At least one feature map used for object detection in the image and at least one ground truth (GT) box set in the object area in the image are matched according to the size of the box to learn the matched GT box in the at least one feature map. To do;
Generating at least one additional GT box for each of the at least one GT box by expanding or reducing the at least one GT box, respectively;
Separating the at least one feature map and generating at least one sub-feature map for each of the at least one feature map; And
And learning the additional GT boxes respectively matched in at least one sub-feature map by matching the at least one sub-feature map with the at least one additional GT box according to the size of the box. .

According to claim 1,
The step of generating at least one additional GT box for each of the at least one GT box by expanding or reducing the at least one GT box, respectively,
Each of the at least one GT box, the GT box and the center coordinates are the same, but the method of learning an object detector comprising the step of generating at least one additional GT box whose size is enlarged or reduced.

According to claim 1,
Separating the at least one feature map to generate at least one sub-feature map for each of the at least one feature map,
And separating the at least one feature map into the same number as the number of additional GT boxes generated for each of the at least one GT box.

According to claim 1,
The step of matching the at least one sub-feature map with the at least one additional GT box according to the size of the box to further learn additional GT boxes matched with each of the at least one sub-feature map,
Comparing a box size of the at least one additional GT box and the at least one GT box to match a GT box for each of the at least one additional GT box; And
And matching the at least one additional GT box with a sub-feature map generated separately from a feature map in which a GT box matching each of the at least one additional GT box is learned.

According to claim 1,
The step of matching the at least one sub-feature map with the at least one additional GT box according to the size of the box to further learn additional GT boxes matched with each of the at least one sub-feature map,
And learning additional GT boxes matched by using convolutional neural networks (CNN) in the at least one sub-feature map.
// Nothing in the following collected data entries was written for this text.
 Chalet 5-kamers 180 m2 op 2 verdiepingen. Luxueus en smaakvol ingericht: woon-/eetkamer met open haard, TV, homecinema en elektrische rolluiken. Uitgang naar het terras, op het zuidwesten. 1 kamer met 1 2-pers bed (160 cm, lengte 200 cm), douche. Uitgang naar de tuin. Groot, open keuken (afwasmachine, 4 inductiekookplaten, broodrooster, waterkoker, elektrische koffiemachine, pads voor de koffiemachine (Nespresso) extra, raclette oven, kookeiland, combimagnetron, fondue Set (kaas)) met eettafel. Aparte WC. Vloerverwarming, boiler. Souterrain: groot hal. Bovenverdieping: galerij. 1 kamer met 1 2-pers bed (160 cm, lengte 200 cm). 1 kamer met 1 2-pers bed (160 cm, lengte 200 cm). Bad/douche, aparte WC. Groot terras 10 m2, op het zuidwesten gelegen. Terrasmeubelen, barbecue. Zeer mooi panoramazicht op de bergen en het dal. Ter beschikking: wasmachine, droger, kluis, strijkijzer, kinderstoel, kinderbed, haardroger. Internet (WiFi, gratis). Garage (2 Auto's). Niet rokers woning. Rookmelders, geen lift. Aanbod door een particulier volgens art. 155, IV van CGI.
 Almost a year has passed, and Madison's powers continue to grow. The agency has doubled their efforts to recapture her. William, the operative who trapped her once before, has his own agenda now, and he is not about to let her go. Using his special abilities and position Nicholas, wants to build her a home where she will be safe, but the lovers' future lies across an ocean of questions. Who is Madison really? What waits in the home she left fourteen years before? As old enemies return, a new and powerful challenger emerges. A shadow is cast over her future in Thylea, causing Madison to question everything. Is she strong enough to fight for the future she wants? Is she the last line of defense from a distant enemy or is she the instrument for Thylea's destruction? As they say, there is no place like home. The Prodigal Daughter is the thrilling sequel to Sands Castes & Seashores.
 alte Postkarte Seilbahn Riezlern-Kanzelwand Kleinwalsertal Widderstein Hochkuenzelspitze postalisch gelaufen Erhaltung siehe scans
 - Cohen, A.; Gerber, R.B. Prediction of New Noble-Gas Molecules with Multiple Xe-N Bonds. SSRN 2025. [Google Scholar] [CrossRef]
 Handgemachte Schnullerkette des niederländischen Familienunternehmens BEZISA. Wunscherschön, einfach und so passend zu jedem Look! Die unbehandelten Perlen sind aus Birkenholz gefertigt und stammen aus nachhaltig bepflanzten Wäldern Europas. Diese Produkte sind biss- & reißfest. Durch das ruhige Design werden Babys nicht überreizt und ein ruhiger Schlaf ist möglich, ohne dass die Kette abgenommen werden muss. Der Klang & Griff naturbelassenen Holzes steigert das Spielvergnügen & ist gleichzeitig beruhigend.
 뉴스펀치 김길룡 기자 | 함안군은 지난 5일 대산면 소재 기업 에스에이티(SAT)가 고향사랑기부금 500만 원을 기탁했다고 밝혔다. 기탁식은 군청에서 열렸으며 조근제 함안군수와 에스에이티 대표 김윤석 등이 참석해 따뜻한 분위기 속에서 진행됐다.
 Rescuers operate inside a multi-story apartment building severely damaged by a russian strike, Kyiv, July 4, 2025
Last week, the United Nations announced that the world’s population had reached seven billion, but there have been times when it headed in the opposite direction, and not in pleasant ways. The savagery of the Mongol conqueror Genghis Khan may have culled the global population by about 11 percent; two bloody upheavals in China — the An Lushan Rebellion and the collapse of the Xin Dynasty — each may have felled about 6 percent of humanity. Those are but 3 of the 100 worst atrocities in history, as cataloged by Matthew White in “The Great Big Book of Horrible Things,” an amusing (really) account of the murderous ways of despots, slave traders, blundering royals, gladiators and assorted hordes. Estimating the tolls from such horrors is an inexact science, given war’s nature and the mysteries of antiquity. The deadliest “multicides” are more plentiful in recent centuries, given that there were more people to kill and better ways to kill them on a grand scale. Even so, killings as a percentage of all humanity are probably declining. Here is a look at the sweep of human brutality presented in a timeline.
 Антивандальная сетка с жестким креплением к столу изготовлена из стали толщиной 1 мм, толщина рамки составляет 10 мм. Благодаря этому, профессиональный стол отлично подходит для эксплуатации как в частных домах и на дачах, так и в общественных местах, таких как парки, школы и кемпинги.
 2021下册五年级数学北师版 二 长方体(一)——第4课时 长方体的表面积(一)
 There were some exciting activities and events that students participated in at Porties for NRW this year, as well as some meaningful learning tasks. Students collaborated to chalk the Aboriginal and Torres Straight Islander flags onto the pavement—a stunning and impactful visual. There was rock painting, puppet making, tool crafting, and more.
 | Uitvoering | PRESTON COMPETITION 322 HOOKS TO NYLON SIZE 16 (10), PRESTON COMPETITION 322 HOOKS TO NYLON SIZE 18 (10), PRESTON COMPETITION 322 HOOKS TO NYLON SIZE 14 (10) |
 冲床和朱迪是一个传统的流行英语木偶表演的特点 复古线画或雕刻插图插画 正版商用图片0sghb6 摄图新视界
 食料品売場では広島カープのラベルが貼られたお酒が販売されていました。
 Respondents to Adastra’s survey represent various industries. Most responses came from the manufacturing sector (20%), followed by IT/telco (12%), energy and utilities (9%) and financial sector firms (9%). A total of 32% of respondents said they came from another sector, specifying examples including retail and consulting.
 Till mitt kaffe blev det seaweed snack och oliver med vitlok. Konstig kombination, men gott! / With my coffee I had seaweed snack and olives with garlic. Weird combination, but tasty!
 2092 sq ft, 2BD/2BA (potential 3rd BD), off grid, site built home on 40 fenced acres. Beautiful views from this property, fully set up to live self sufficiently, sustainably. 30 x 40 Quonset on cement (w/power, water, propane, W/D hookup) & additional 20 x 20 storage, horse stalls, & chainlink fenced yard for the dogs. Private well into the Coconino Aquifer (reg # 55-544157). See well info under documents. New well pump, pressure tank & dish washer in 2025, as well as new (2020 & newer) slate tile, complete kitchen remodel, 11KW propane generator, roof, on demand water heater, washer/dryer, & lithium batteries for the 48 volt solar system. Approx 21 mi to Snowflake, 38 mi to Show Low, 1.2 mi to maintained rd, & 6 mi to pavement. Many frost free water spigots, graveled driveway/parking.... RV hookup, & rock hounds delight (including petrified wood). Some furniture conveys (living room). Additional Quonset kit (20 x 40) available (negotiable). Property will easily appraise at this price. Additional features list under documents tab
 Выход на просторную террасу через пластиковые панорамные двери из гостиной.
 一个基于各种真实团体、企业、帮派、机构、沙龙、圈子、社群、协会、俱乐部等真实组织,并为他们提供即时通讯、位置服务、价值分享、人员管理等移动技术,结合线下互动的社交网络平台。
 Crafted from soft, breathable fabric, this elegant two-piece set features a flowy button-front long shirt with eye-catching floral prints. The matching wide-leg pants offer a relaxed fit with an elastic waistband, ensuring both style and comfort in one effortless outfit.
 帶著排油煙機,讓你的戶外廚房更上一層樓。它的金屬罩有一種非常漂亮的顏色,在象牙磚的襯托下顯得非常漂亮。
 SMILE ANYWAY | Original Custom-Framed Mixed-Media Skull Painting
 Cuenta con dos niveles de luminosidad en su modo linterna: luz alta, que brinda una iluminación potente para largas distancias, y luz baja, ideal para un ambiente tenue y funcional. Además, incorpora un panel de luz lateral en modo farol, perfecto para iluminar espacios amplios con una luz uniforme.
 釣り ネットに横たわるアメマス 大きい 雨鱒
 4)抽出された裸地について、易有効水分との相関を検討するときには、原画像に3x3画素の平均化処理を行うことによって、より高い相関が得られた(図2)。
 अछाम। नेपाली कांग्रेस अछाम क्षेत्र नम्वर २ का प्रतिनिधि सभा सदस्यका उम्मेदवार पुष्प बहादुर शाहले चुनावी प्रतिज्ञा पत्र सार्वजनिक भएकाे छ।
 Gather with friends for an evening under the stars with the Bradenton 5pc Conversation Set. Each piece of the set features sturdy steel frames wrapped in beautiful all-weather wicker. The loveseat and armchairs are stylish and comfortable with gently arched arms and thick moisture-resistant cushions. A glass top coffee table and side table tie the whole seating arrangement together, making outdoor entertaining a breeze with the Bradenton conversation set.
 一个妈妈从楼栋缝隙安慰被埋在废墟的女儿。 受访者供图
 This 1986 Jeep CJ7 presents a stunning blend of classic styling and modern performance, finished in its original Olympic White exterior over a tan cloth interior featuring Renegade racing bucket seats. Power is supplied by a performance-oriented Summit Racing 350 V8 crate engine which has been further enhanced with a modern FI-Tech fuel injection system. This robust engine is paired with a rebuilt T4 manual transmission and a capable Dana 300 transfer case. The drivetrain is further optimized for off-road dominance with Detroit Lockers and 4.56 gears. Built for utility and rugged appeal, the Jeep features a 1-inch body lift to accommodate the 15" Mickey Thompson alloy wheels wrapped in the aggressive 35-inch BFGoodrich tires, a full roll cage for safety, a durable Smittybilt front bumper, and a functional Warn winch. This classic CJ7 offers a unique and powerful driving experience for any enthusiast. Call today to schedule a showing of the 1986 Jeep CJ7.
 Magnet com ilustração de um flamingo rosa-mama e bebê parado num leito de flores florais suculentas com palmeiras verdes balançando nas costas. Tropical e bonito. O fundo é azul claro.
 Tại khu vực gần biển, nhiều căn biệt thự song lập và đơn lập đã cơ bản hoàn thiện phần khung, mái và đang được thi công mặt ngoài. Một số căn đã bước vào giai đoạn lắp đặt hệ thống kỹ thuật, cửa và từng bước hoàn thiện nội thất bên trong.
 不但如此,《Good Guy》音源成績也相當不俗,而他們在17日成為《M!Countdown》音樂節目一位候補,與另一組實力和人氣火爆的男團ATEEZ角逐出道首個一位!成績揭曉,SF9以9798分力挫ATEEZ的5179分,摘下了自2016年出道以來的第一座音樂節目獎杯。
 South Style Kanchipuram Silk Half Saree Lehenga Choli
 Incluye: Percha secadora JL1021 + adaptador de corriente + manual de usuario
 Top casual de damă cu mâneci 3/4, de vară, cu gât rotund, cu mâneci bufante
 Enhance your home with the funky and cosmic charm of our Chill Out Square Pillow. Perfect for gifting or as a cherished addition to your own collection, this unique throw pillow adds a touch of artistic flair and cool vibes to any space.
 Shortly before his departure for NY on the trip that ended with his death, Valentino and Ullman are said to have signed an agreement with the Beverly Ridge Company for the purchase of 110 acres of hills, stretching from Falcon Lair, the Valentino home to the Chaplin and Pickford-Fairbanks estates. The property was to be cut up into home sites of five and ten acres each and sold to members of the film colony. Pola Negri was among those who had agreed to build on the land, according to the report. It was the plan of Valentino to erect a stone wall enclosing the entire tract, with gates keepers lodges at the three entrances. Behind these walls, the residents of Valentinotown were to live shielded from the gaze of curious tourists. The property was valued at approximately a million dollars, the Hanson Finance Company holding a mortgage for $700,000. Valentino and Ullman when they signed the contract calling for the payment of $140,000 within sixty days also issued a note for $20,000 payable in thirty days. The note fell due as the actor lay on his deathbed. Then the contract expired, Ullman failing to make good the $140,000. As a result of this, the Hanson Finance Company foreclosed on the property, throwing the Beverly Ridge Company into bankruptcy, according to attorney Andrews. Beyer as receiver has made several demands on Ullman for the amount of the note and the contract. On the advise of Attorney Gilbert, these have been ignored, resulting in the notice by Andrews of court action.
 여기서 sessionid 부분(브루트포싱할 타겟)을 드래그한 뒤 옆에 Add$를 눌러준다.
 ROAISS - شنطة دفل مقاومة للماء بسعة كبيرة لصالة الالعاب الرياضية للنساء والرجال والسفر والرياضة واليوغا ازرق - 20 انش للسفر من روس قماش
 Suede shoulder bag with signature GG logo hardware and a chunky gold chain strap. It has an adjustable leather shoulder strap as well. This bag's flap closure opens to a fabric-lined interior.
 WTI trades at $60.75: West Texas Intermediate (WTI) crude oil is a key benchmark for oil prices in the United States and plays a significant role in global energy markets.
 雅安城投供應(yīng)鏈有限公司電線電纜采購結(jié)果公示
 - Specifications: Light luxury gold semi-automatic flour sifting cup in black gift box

A computer-readable recording medium in which a computer program is recorded, for performing the learning method of the object detector according to any one of claims 1 to 5.

The at least one feature map and the at least one GT box are boxed so that at least one feature map used for object detection in the image can learn at least one ground truth box (GT) set in the object region in the image. GT box matching unit to match according to the size of the;
An additional GT box generating unit for generating at least one additional GT box for each of the at least one GT box by expanding or reducing the at least one GT box, respectively;
A feature map separation unit separating the at least one feature map to generate at least one sub-feature map for each of the at least one feature map; And
An additional GT box matching unit that matches the at least one sub-feature map and the at least one additional GT box according to the size of the box so that the at least one additional GT box can be additionally learned in each of the at least one sub-feature map Learning device of the object detector.

The method of claim 7,
The additional GT box generating unit,
For each of the at least one GT box, the GT box and the center coordinate are the same, but the learning device of the object detector generates at least one additional GT box whose size is enlarged or reduced.

The method of claim 7,
The feature map separation unit,
A learning apparatus for an object detector that separates the at least one feature map into the same number of additional GT boxes that are generated for each of the at least one GT box.

The method of claim 7,
The additional GT box matching unit,
Compare the box sizes of the at least one additional GT box and the at least one GT box to match GT boxes for each of the at least one additional GT box, and each of the at least one additional GT box to the at least one additional GT box An object detector learning device that matches the sub-feature map generated separately from the feature map that learned the GT box matched by each.